Deimos-2 / GEOSAT-2
- Mission type: Remote sensing
- Operator: GEOSAT
- COSPAR ID: 2014-033D
- SATCAT no.: 40013
- Website: geosat.space
- Mission duration: 7 years

Spacecraft properties
- Bus: SI-300
- Manufacturer: Satrec Initiative
- Launch mass: ≈310 kilograms (680 lb)
- Dimensions: 1,200 by 1,200 millimetres (47 in × 47 in) (Hexagonal)
- Power: 330 watts

Start of mission
- Launch date: June 19, 2014, 19:11 UTC
- Rocket: Dnepr
- Launch site: Dombarovsky 370/13
- Contractor: Kosmotras

Orbital parameters
- Reference system: Geocentric
- Regime: Sun-Synchronous
- Perigee altitude: 597 kilometres (371 mi)
- Apogee altitude: 617 kilometres (383 mi)
- Inclination: 97.9 degrees
- Epoch: 27 June 2014

Main camera
- Name: DMAC
- Wavelengths: Pan: 420-720 nm MS1: 420-510 nm (Blue) MS2: 510-580 nm (Green) MS3: 600-720 nm (Red) MS4: 760-890 nm (Near Infrared)
- Resolution: 0.75 metres (2 ft 6 in) (Pan) 5 metres (16 ft) (MS)

= Deimos-2 =

Spanish Earth observation satellite

Deimos-2 is a Spanish remote sensing Earth observation satellite built for Elecnor Deimos under an agreement with Satrec Initiative, a satellite manufacturing company in South Korea.

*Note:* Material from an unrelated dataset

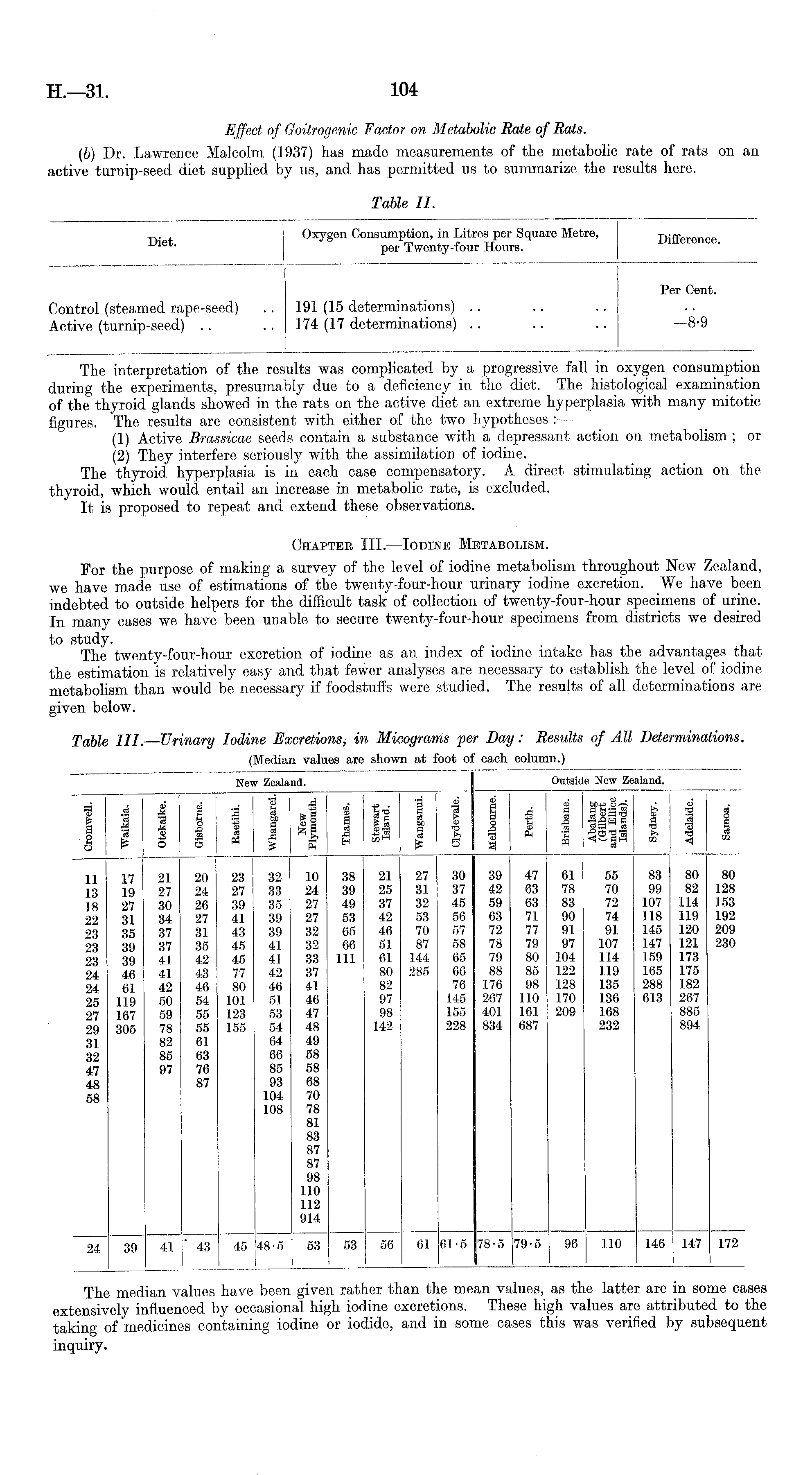 The interpretation of the results was complicated by a progressive fall in oxygen consumption during the experiments, presumably due to a deficiency in the diet. The histological examination of the thyroid glands showed in the rats on the active diet an extreme hyperplasia with many mitotic figures. The results are consistent with either of the two hypotheses : — (1) Active Brassicae seeds contain a substance with a depressant action on metabolism ; or (2) They interfere seriously with the assimilation of iodine. The thyroid hyperplasia is in each case compensatory. A direct stimulating action on the thyroid, which would entail an increase in metabolic rate, is excluded. It is proposed to repeat and extend these observations. Chapter lll.—lodine Metabolism. For the purpose of making a survey of the level of iodine metabolism throughout New Zealand, we have made use of estimations of the twenty-four-hour urinary iodine excretion. We have been indebted to outside helpers for the difficult task of collection of twenty-four-hour specimens of urine. In many cases we have been unable to secure twenty-four-hour specimens from districts we desired to study. The twenty-four-hour excretion of iodine as an index of iodine intake has the advantages that the estimation is relatively easy and that fewer analyses are necessary to establish the level of iodine metabolism than would be necessary if foodstuffs were studied. The results of all determinations are given below.

The Earth observation system was developed by Elecnor Deimos, who managed the engineering, ground segment, integration, tests, launch contract and LEOP, in collaboration with Satrec Initiative, who provided the platform and the payload. The platform is based on DubaiSat-2 launched in 2013, with a larger battery pack intended to last for at least 7 years. The satellite was purchased by Urthecast in 2015, together with Deimos-1 and Deimos Imaging, the division of Elecnor Deimos that was in charge of the operation of both satellites.

Deimos-2 was owned by Deimos Imaging, who operated and commercialises its data. In 2021, the company GEOSAT acquired Deimos-1 & 2, and renamed them to GEOSAT-1 & 2, respectively.